ACTIVITY:
Print every record exactly, omitting all pictures.

MATERIALS PROVIDED:
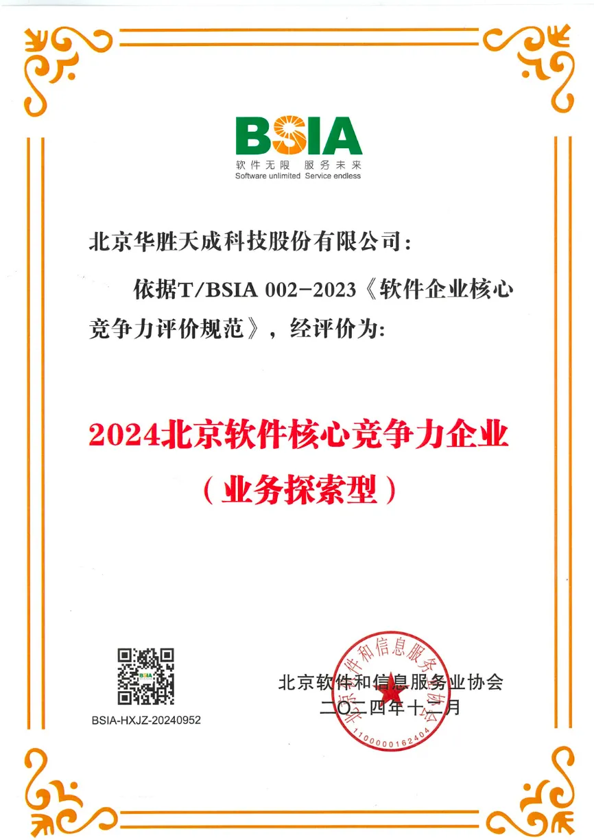 華勝天成榮獲“2024北京軟件核心競爭力企業(業務探索型)”稱號
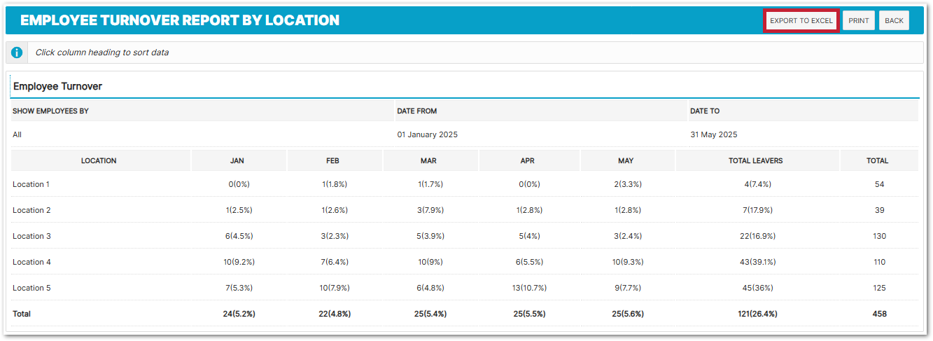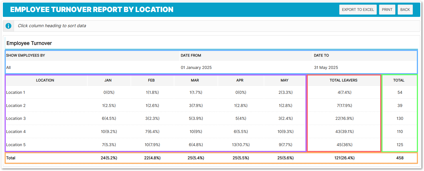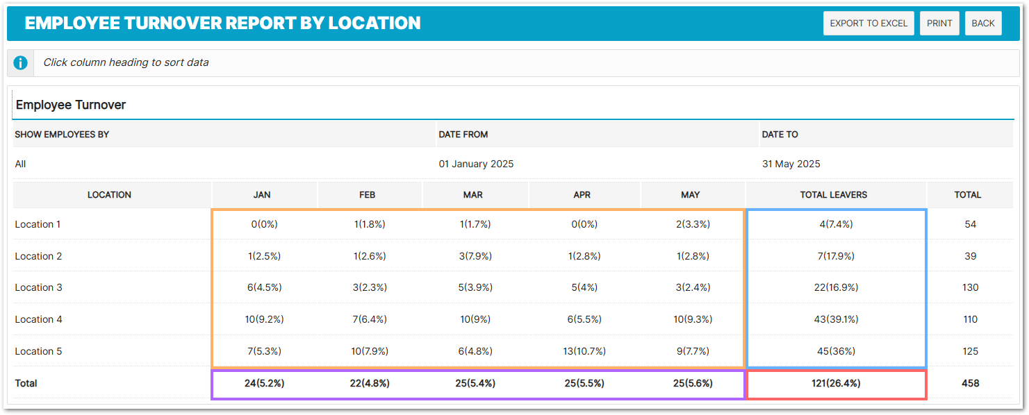 Also displays the percentage of that months workforce at the location, that have left.
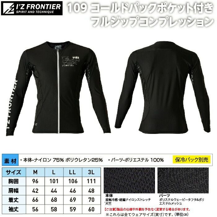アイズフロンティア 作業服 作業着 作業ズボン アイズフロンティア 作業服 インナー 109 コールドパックポケット付きフルジップコンプレッション M-3L 作業着 おしゃれ 春夏
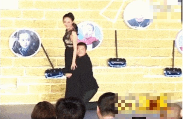 他不仅把头靠在女方的肩膀上,更是跪在女方的身后,将头靠在女方的臀部。他的双手紧紧地抱着女方的大腿,这种种的举动,看似为新戏宣传,实际上却像是在骚扰女方。
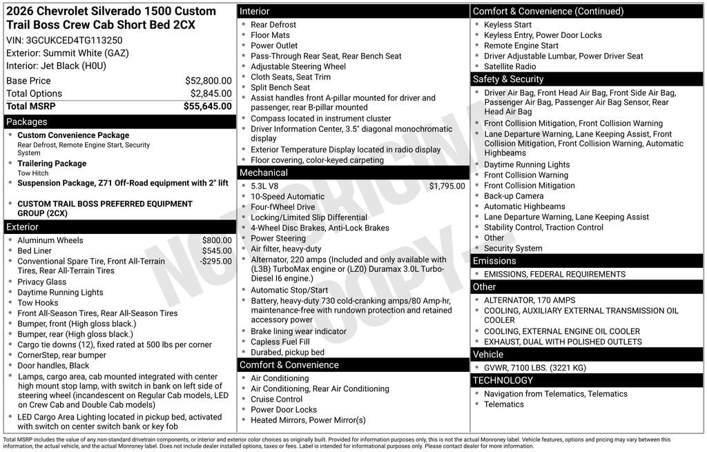 Summit White 2026 Chevrolet Silverado 1500 Custom Trail Boss 4WD 10-Speed Automatic EcoTec3 5.3L V8 10-Speed Automatic, 4WD, Jet Black Cloth.
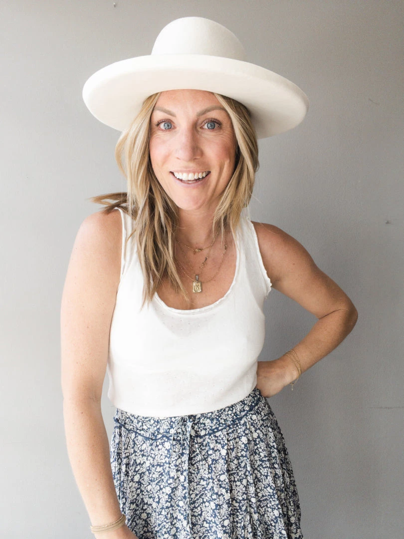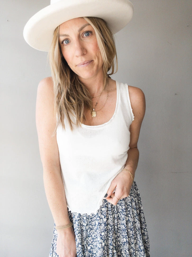 Time to re-up on your white tank basics.Ā This tank is made from lightweight poinetelle fabric and is slim fitting. It has a square neckline and thick straps. Lettuce stitching along the neck and hemline are the cherry on top of this sweet tank. Can literally pair with everything, adding a soft feminine touch.Ā Fitted.

EXERCISE OUTPUT:
 華勝天成榮獲“2024北京軟件核心競爭力企業(業務探索型)”稱號
 Also displays the percentage of that months workforce at the location, that have left.
アイズフロンティア 作業服 作業着 作業ズボン アイズフロンティア 作業服 インナー 109 コールドパックポケット付きフルジップコンプレッション M-3L 作業着 おしゃれ 春夏
 他不仅把头靠在女方的肩膀上,更是跪在女方的身后,将头靠在女方的臀部。他的双手紧紧地抱着女方的大腿,这种种的举动,看似为新戏宣传,实际上却像是在骚扰女方。
 Summit White 2026 Chevrolet Silverado 1500 Custom Trail Boss 4WD 10-Speed Automatic EcoTec3 5.3L V8 10-Speed Automatic, 4WD, Jet Black Cloth.
 Time to re-up on your white tank basics.Ā This tank is made from lightweight poinetelle fabric and is slim fitting. It has a square neckline and thick straps. Lettuce stitching along the neck and hemline are the cherry on top of this sweet tank. Can literally pair with everything, adding a soft feminine touch.Ā Fitted.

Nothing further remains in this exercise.